LifeAlive Natural Food Restaurant-Lowell, Ma. (photos by Y. Saito via IPhone)

To be honest…it’s not the easiest thing to get great taste with the most healthy ingredients.  As much as we all know that raw vegetables are the best thing for us, it takes knowledge, imagination, and skill to make raw vegetables not only palatable but a culinary feast.
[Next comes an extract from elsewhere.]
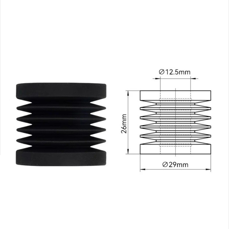 Ogni podložka è progettata con una struttura scanalata che aumenta la capacità di assorbire le vibrazioni e massimizza il contatto con il suolo. Il diametro della parte superiore è di 29 mm, la parte inferiore è anch'essa di 29 mm e l'altezza è di 26 mm, offrendo una combinazione ideale di stabilità e flessibilità. Al centro si trova un foro di 12 mm di diametro, che consente il posizionamento sui piedini originali della stampante. Il materiale utilizzato è resistente a carichi prolungati e non indurisce, mantenendo l'efficacia delle podložki anche dopo molte ore di utilizzo.

So, while visiting Yoshio today, and he knowing I’ve been a vegetarian for many years, he recommneded having lunch at LifeAlive, an organic cafe located at 194 Middle St. in Lowell, Ma. They say first impressions are the most important: LifeAlive has a cozy “New Age” decor with real art on the walls and comfortable furniture that made the place feel like a friend’s house. The staff was cheery and informative: whenever Yoshio goes to a new place he seems to query the staff for their opinions on the best food. The staff person immediately replied that while all the food was very good, his current favorite was “The Adventurer” which is base of short grain brown rice and quinoa topped with pieces of kale, chopped beets, bits of tofu, toasted almonds, and melted cheddar cheese with a sauce of sesame-ginger-nama. “The Adventurer” was delicious combination of tastes with each ingredient having a distinct character of its own, yet combined wonderfully together. Special touches like the warm toasted almonds and especially how the slightly sour of the beets combined with the creaminess of the cheese were wonderful. I asked Yoshio if he knew what “nama” was, and when he said “no” I asked the clerk and she said that it was “raw” shoyu (soy sauce)! When I went back to Yoshio to say that I think “nama” was Japanese, he asked me to spell it. He took a second and had that “AHA” look and said “Oh, yeah “nama” is “fresh” in Japanese”

[Yet another example of how bad my Japanese is. Whenever I cook Japanese meals at Teja's house and I ask for "mirin" (Japanese sweet-ish vinegar) Teja...every time...and Teja, I love you man, but is every time, he get's these curly eyebrows and asks "What's that?" After saying 'mirin" three times and then spelling it, he looks at me and says "OH! mirin...yeah I've got some"]

My “Seductress” wrap was also very good: a slightly toasted wheat tortilla warpped around shredded beet and carrot, kale, broccoli and hard-poached egg. Delicious!

We met the owner, Heidi Feinstein, who it turns out is a nutritionist who clearly loves providing this kind of food that is “closer to the source” with 95% of her food from raw ingredients. Bostonians will be pleased to know that she will be opening a LifeAlive at 765 Massachusetts Ave,  Central Sq. this September. Visit their website: http://www.lifealive.com

LifeAlive: tasty, healthy, fun. Food doesn’t get any better (or better for you) than this.